For each reference-simulation pair of summaries, we computed the Kolmogorov-Smirnov (KS) test statistic using the ks.test function of the stats R package, and the Wasserstein metric using the wasserstein_metric function of the waddR R package [68]. In addition, we computed the two-dimensional KS statistic [69] (using MASSkde2d function [70]) and earth mover’s distance (EMD) [71] (using emdist’s emd2d function [72]) between relevant pairs of summaries, i.e., between unique combinations of gene- and cell-level summaries, respectively, excluding global summaries (PVE, CMS, and silhouette width) as well as gene-to-gene and cell-to-cell correlations.

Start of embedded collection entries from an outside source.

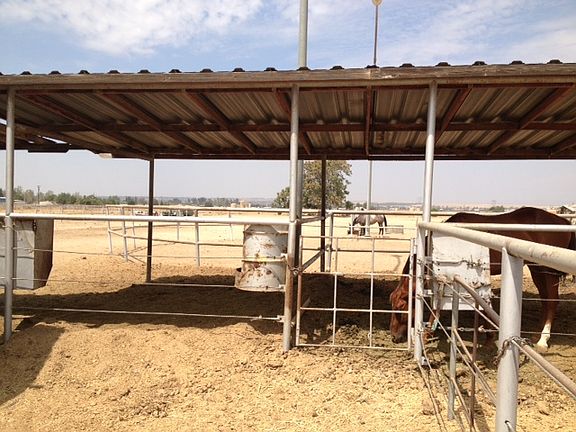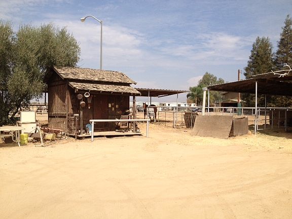 Horse property at a great price (Appraisal on file) w M/H 1325 sq ft on 2.67 Acres w/ 2 bdrms, 2 baths (one w/ a roll-in handicap shower) indoor laundry, kitchen w updated cook top & stove & family room w wood burning stove. There is an outdoor storage area previously used as an office plus a secondary living qtrs with just room & closet (perfect for teenager). Lighted round pens (w street lights), 2 pastures w sprinklers, covered stalls, tack & feed storage bldgs plus a cowboy bunk house.
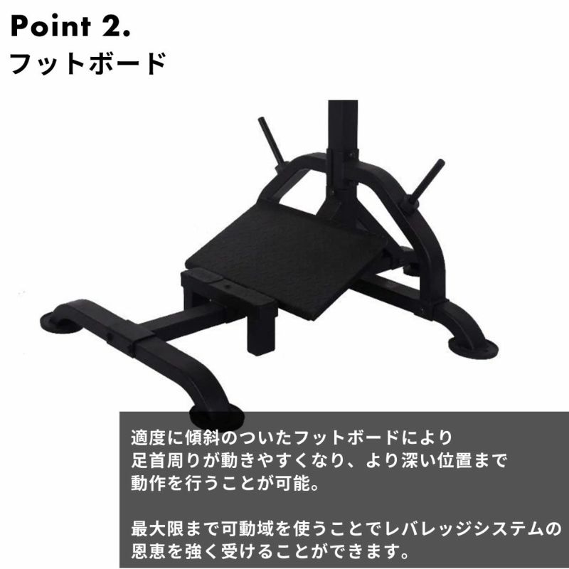 スクワットだけでなく、カーフレイズやランジといったバリエーション豊富なトレーニングを1台で可能にします。
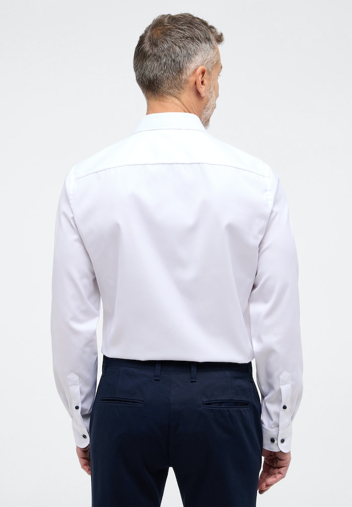 Als Half-Ply-Hemd aus 100% Baumwolle (Twill, bügelfrei) bietet das blickdichte COVER SHIRT exzellenten Tragekomfort.
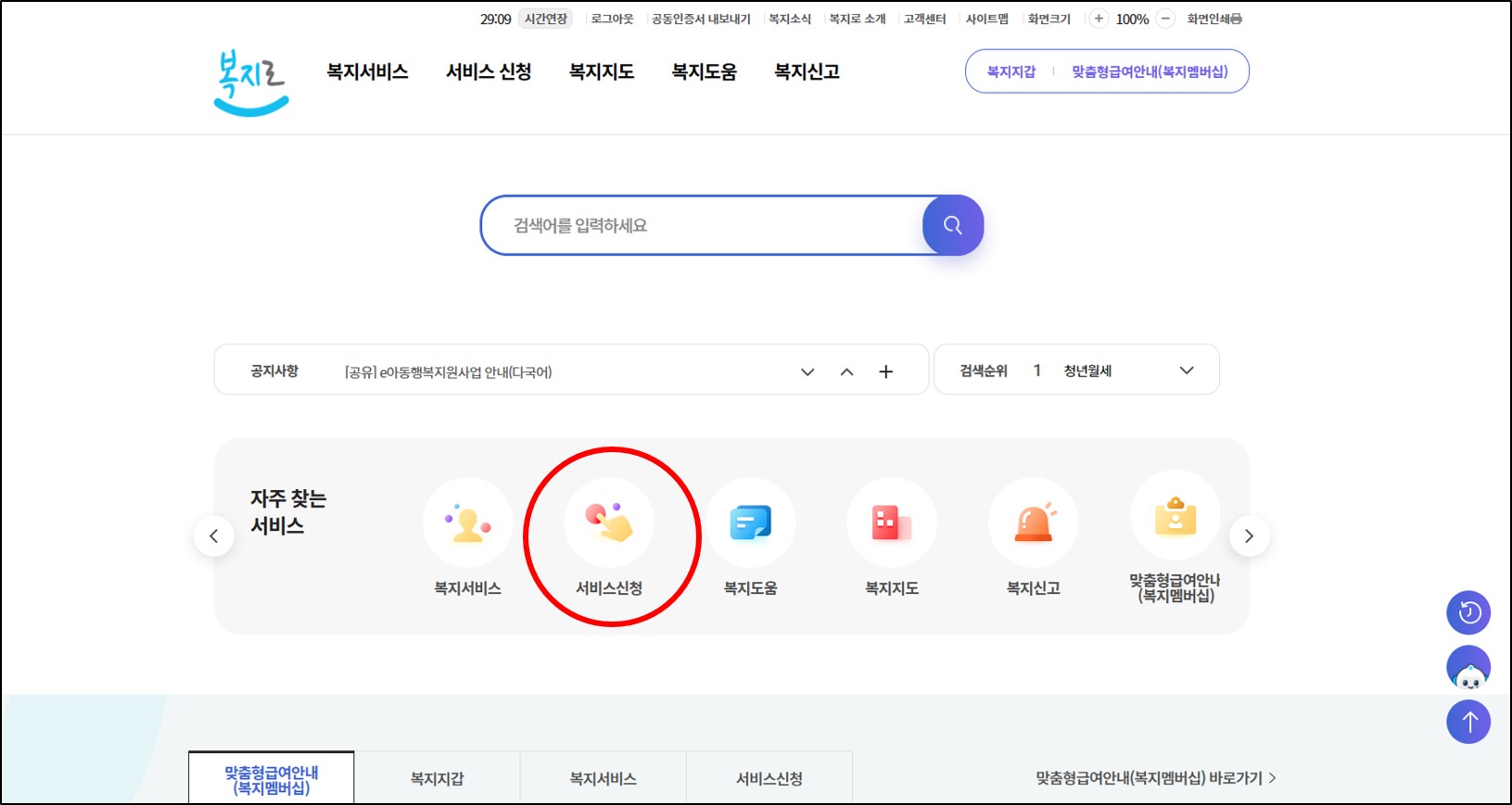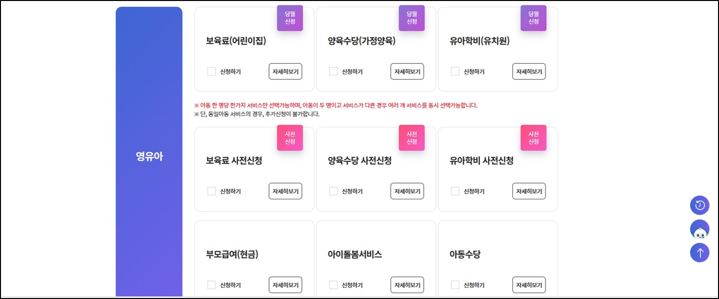 로그인에 성공하여 들어간 화면에서 '서비스 신청'을 클릭하여 들어가면 영유아 관련 신청 버튼들이 나타납니다.
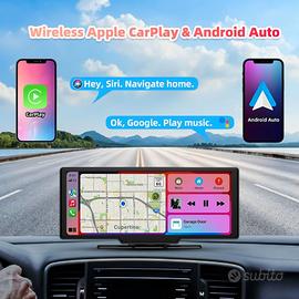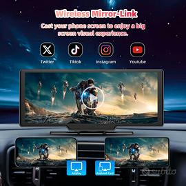 Schermo per Auto da 10,26 Pollici con CarPlay e Android Auto Wireless, Telecamera Anteriore 4K, Telecamera Posteriore 1080P, Bluetooth, Mirror Link, Trasmettitore FM, Cavo AUX, Scheda TF.
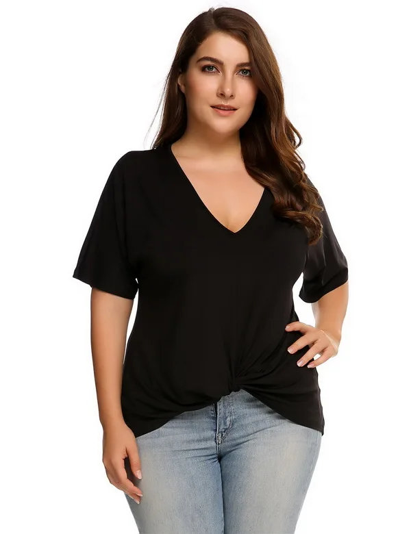 [Стиль] : IN'VOLAND женская футболка большого размера; Сезон лето-осень; Пикантная Повседневная футболка с глубоким v-образным вырезом; Большие размеры s; Футболка с короткими рукавами и драпировкой; Женская футболка

One- and two-dimensional evaluations are detailed under Additional file 1: Sec. 4.

Runtime evaluation

To quantify simulator runtimes, we selected one reference per type and drew five random subsets of 400–4000 genes (fixing the number of cells) and 100–2600 cells (fixing the number of genes). For each method and subset (eight in total), we separately measured the time required for parameter estimation and data simulation. For each step, we set a time limit of \(10^6\) s after which computations were interrupted.

Integration evaluation

Integration methods were implemented as in Chazarra-Gil et al. [73] (see Additional file 1: Sec. 5.1), including ComBat [74], Harmony [75], fastMNN and mnnCorrect [76], limma [77], and Seurat [78]. To evaluate method performances, cell-specific mixing scores (CMS) and the difference in local density factors (\(\Delta\)LDF) were computed using the cms and ldfDiff function, respectively, of the CellMixS package [52]. To make metrics more interpretable and comparable across datasets, we (i) subtracted 0.5 to center CMS at 0 (denoted CMS*) and (ii) centered (at 0) and scaled (to range 1) \(\Delta\)LDF (denoted \(\Delta\)LDF*). Overall integration scores correspond to the unweighted average of CMS* and \(\Delta\)LDF*. Thus, for all three metrics, a value of 0 indicates “good” mixing for a given cell. When aggregating results (e.g., for heatmap visualizations), metrics were first averaged across cells within each batch and, secondly, across batches.

Clustering evaluation

Clustering methods were implemented as in Duó et al. [31] (see Additional file 1: Sec. 5.2), including CIDR [79], hierarchical clustering (HC), and k-means (KM) [80] on PCA, pcaReduce [81], SC3 [82], Seurat [78], TSCAN [83], and KM on t-SNE [84]. If applicable, the number of clusters was set to match the number of true (annotated respective simulated) clusters. To evaluate the performance of each method, we matched true and predicted cluster labels using the Hungarian algorithm [54] and computed cluster-level precision, recall, and F1 score (the harmonic mean of precision and recall).